If you're a software developer or a systems administrator, providing your
application as a package makes installations, upgrades, and maintenance
much easier. Here, you learn how to use the popular RPM Package Manager to
bundle a utility. For purposes of demonstration, you'll bundle the
networking utility wget, which downloads files
from the Internet. The wget utility is useful
but isn't commonly found standard in distributions. (An analog,
curl, is often included in distributions.) Be
aware that you can use RPM to distribute most anything—scripts,
documentation, and data—and perform nearly any maintenance task.
The wget utility, like many other open source
applications, can be built manually. Understanding that process is the
starting point for bundling wget in a package.
Per the general convention, building wget
requires four steps:
- Download and unpack the source.
- Configure the build.
- Build the code.
- Install the software.
You can download the latest version of the wget
source code from ftp.gnu.org (see Resources for
a link; as of late September 2009, the current version of
wget was 1.12). The rest of the steps require
the command line, as shown in Listing 1.
Listing 1. Installing wget
$ tar xzf wget-latest.tar.gz $ cd wget-1.12 $ ./configure configure: configuring for GNU Wget 1.12 checking for a BSD-compatible install... /usr/bin/install -c checking whether build environment is sane... yes checking for a thread-safe mkdir -p... build-aux/install-sh -c -d checking for gawk... no checking for mawk... no checking for nawk... no ... $ make $ sudo make install |
./configure queries the system and sets
compilation options suitable for the hardware and software detected.
make compiles the code, and
sudo make install installs the code in system
directories. By default, the directories are rooted at /usr/local,
although you can change the target root with the
--prefix=/some/full/path/name option to
./configure.
To convert this process to RPM, you place the source in a repository and
write a configuration file to dictate where to find the source to be
compiled and how to build and install the code. The configuration file,
called a spec file, is the input to a utility called
rpmbuild. The spec file and the binaries are
packaged by rpmbuild into an RPM. When another
user downloads your RPM, the rpm utility reads
the spec file and installs the package per your prewritten instructions.
Before you continue, one word of caution.
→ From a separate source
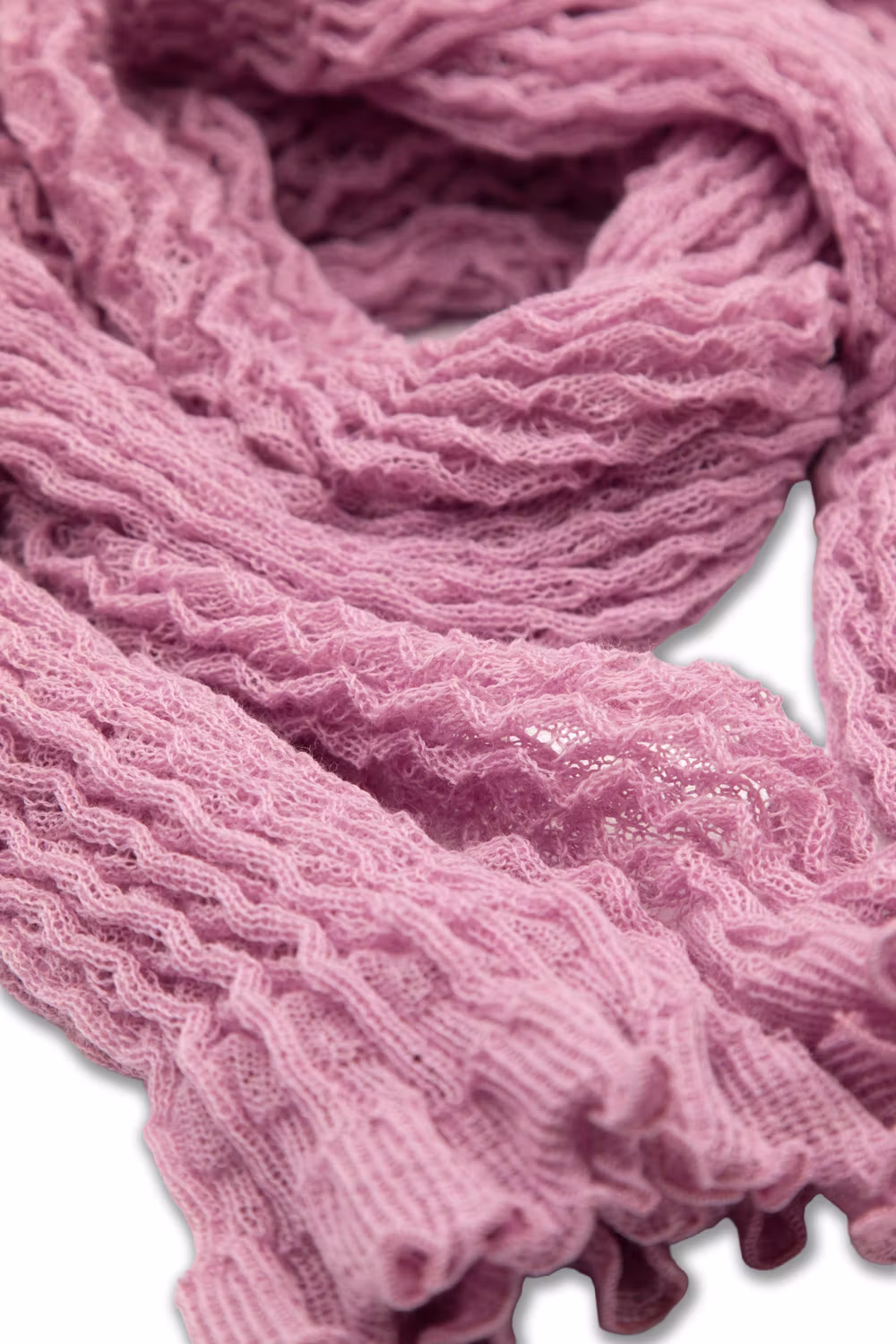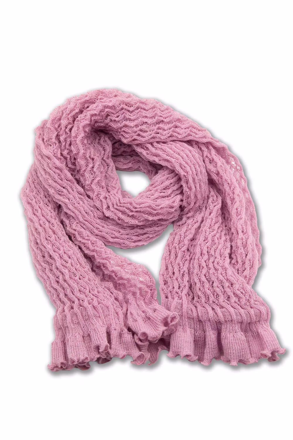 Spetsstickad rak sjal. ca 170 x 45 cm. Färg Rosalila. 100% ull.

In the past, packages were built by root, the superuser, because root was the only user able to access the system source code repository. However, this approach was potentially hazardous. Because root can alter any file on the system, it was easy to inadvertently alter a running system by adding extraneous files or removing important files during interim builds of an RPM. More recently, the RPM system changed to allow any user to build RPMs in a home directory. Building an RPM without the privileges of root prevents changes to core system files. Here, the more modern approach is shown.
To build an RPM, you must:
- Set up a directory hierarchy per the
rpmbuildspecifications. - Place your source code and supplemental files in the proper locations in the hierarchy.
- Create your spec file.
- Build the RPM. You can optionally build a source RPM to share your source code with others.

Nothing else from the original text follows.